Monday, June 14, 2010

Sermon - Luke 7:36-8:3 - Pentecost 3

3rd Sunday After Pentecost
Luke 7:36-8:3
June 13, 2010
“Big Sinner”

Do you know someone who's a really big sinner? Someone who really sins a lot – and in big ways. Someone who's a bad example to those around them. Someone who's always doing and saying the wrong things, for petty, selfish reasons? Someone who could really use some guidance, or maybe a good kick in the pants? Someone who should really get their act together. Who is that really bad sinner that you know? Is it you?

Today we read about Jesus visit to the home of Simon the Pharisee. And like most of us, Simon was a whole lot better at seeing other people's sins than his own. When the sinful woman comes in and makes a big fuss over Jesus, Simon is appalled! “How could Jesus welcome such a big sinner like her? Doesn't he know what kind of woman she is? He should be hanging around with respectable people like me – not women of ill repute. After all, I'm a pretty good guy – a pharisee – my credentials are impeccable. I deserve Jesus' approval – but her? This Jesus must not really be a prophet after all. For everyone can see that SHE is a sinner.”

Simon thinks it, and Jesus knows just what he's thinking. He probably didn't even need any miraculous insight to know Simon's thoughts. It must have been obvious. He probably wore a look of disgust on his face. How did this woman get into my house, anyway?

But Jesus has a lesson for Simon, and for us. Two debtors owe a man money. 50 or 500 denarii – both are forgiven. Now who loves the moneylender more? Of course the one with the larger debt. And even Simon the Pharisee can understand that.

What he couldn't see was that he had a debt at all. The woman's sins were out there. They were for all to see. And they were serious sins. Sexual sins, certainly, we might call them “lifestyle choices” today. But they never really let her have peace. Even as she sinned, she knew – it nagged at her. She must have become a prisoner of her own guilt and shame.

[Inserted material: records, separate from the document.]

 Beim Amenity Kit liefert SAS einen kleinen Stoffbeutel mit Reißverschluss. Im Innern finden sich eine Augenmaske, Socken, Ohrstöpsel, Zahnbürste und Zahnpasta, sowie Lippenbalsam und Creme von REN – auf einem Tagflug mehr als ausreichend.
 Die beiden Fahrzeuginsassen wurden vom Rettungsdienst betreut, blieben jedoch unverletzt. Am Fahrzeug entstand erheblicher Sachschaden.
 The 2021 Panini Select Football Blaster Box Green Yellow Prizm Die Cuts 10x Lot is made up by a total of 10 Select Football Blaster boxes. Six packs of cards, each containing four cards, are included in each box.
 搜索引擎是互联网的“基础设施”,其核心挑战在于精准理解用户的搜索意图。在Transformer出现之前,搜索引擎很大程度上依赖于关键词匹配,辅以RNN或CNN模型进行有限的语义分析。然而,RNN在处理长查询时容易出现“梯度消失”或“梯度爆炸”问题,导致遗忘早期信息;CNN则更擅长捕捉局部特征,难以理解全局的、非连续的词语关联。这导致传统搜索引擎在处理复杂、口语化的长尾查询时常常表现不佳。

But Simon – he lived under an illusion. Like a person in denial that his monthly mortgage is too much to pay – or that a bill would be coming at all. He didn't think he even had a debt, much less a big one. His sins didn't really bother him – if he even admitted to having any. But the most dangerous sins are not the most spectacular. The most troublesome sins are not the ones most people see. They are the ones that are not admitted. They are the sins of the heart that we hide in the shadows of our denial. Pride. Lust. Selfishness. Sins of omission – failing to do what we ought. Lovelessness when it comes to our neighbor. Thoughtlessness when it comes to our God.

But like Simon the Pharisee how many of us stumble through life without much thought to sin until some “ big sinner” crosses our path and inconveniences us. How dare they? Who do they think they are?

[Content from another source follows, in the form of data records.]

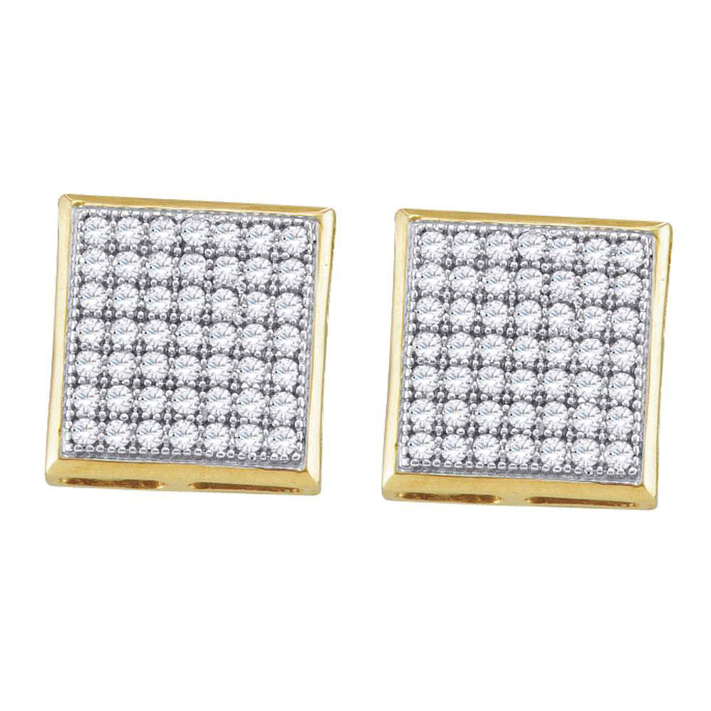 10kt Yellow Gold Womens Round Diamond Square Cluster Earrings 1/3 Cttw
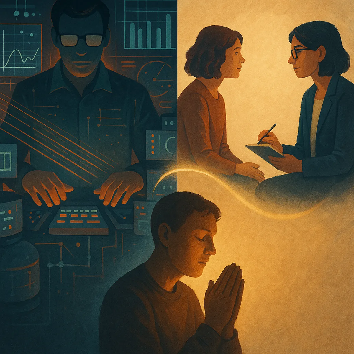 A psychologist sits with someone—listens,
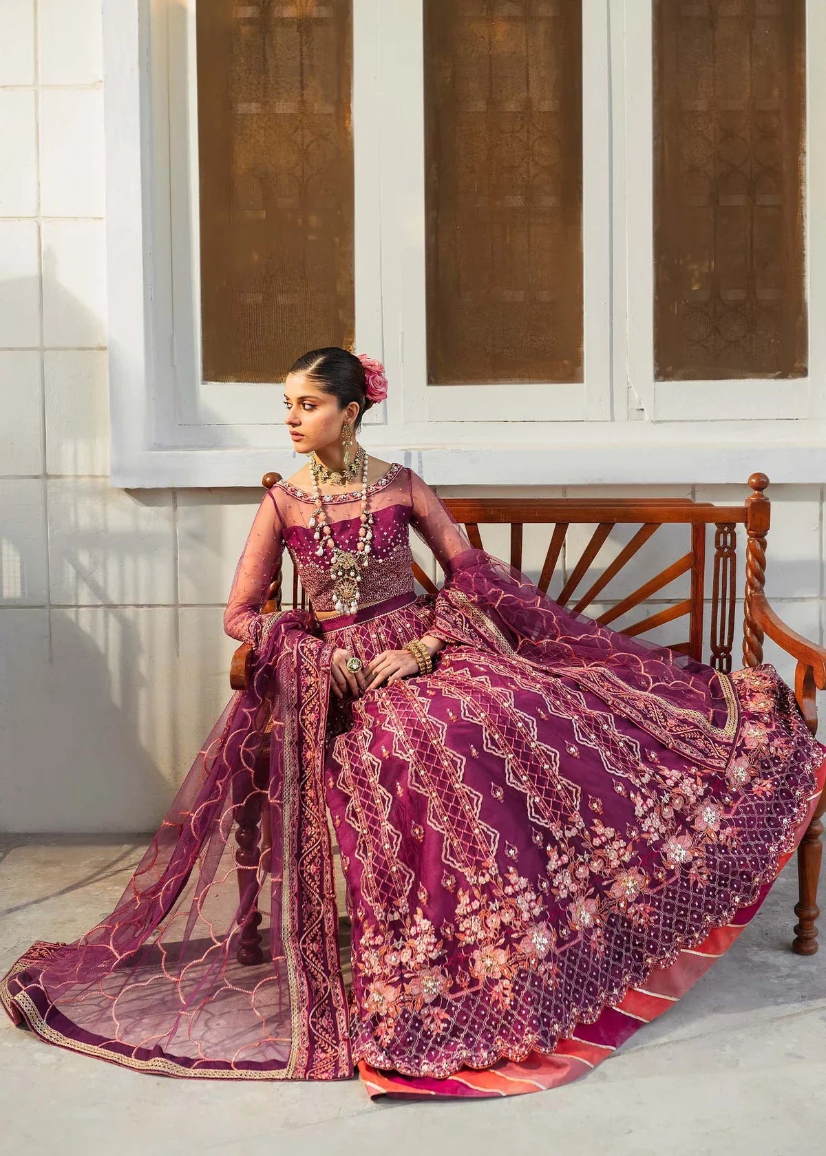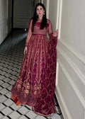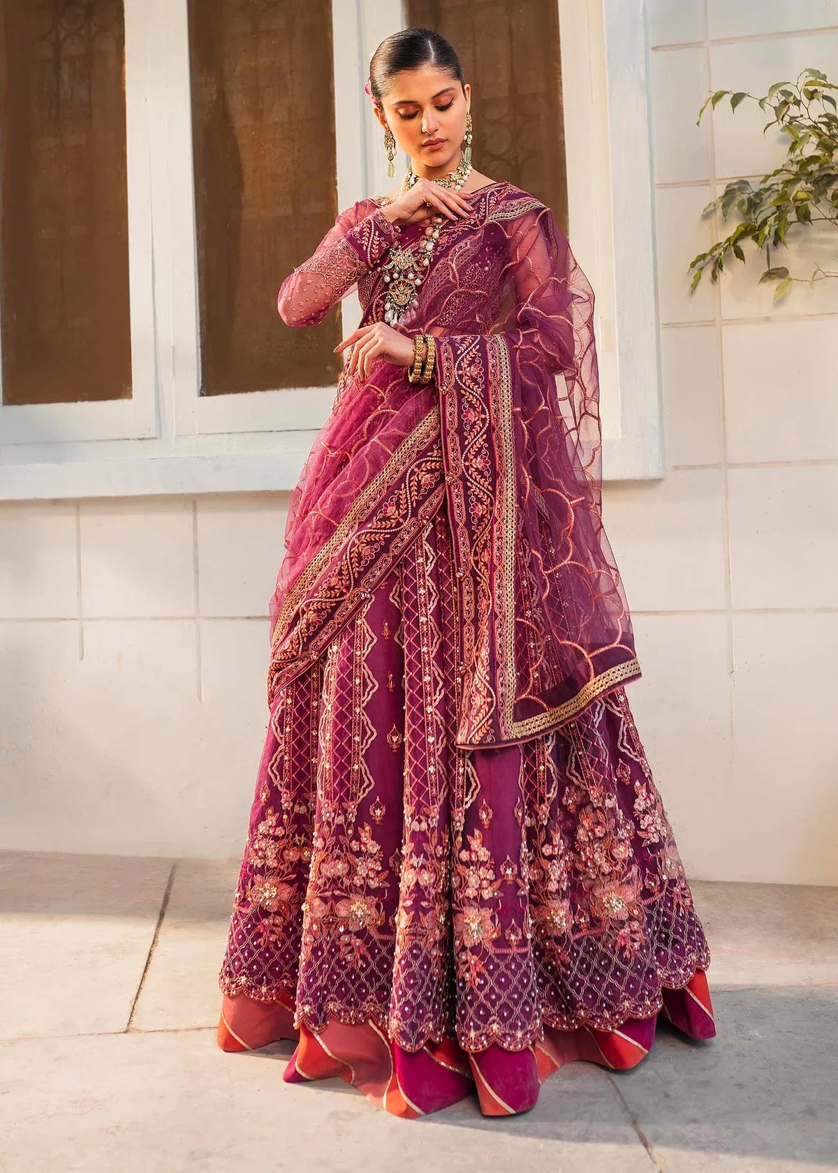 A portrait of glamour and effortless beauty, ‘Ankahi’ is poetry embedded in embroidery and embellished detailing. Soft bareeze net magenta is brought to life with ornate gold tilla embroideries contrasted with vivid fuchsia and fiery orange. Floral embroideries span across the border of the kallis while the bodice and dupatta compliment with Mughal style motifs. Crystal handwork along with micro sequins bring the ensemble to a whole new era

The dirty little secret is that our sins are big too. That you and I are the big sinner too. We should be weeping at Jesus' feet along with the woman. Weeping in sorrow over our sin. And weeping in joy at our forgiveness.

Yes, your sins are a big deal. Admit it. Let's not rationalize our sins away. Let's not live in denial and only admit it when someone points it out – but then only in a really general way, “Oh, we're all sinners”. Let your sins be what they are – ugly, wicked, troublesome bringers of pain and misery and death. Instead of making a big deal about someone else's sins... a little honesty about our own is in order.

And then notice what Jesus does with such a sinner. He doesn't say the sins don't matter. In fact he admits that the woman had sinned much. But when she comes weeping, he doesn't beat her down even more. A bruised reed he does not break. He speaks kindly to her. He assures her. Most of all, he forgives her. Just like he forgives so many other sinners who know their sin. Like he does for all who are weary and heaven lady – he gives rest. Like he heals the sick, not the healthy who need no doctor. Jesus sinners will receive, always, always with his forgiveness.

The woman who washed Jesus' feet knew the forgiveness that washed away her sins. Not an expensive perfume, but the precious blood of Christ. She shed her tears on his feet, but he wept drops of blood, and suffered the wrath of God. She anointed him in humble thanks, whose body would be anointed for a hasty burial. But death had no hold on him. Now alive forever, he is the victor over sin. And our life and victory are sure – in him.

Jesus says one other thing here we might notice. “...her sins, which are many, are forgiven - for she loved much. But he who is forgiven little, loves little."

Jesus is not saying that our love for God or neighbor is the basis for our forgiveness. She was not forgiven because she loved much. Rather, love flows from forgiveness. Love for God and love for neighbor increases in proportion to our appreciation of forgiveness.

The more you know your sin, how big it is, how many your sins are... the more you'll know your need for Jesus and his forgiveness. And the more you know his forgiveness, the more the Spirit works to show his love in your life. You will love God. You will love your neighbor. Because you know his love for you in Christ. Big sinner. Bigger Savior. Much love, in Jesus Christ our Lord, amen.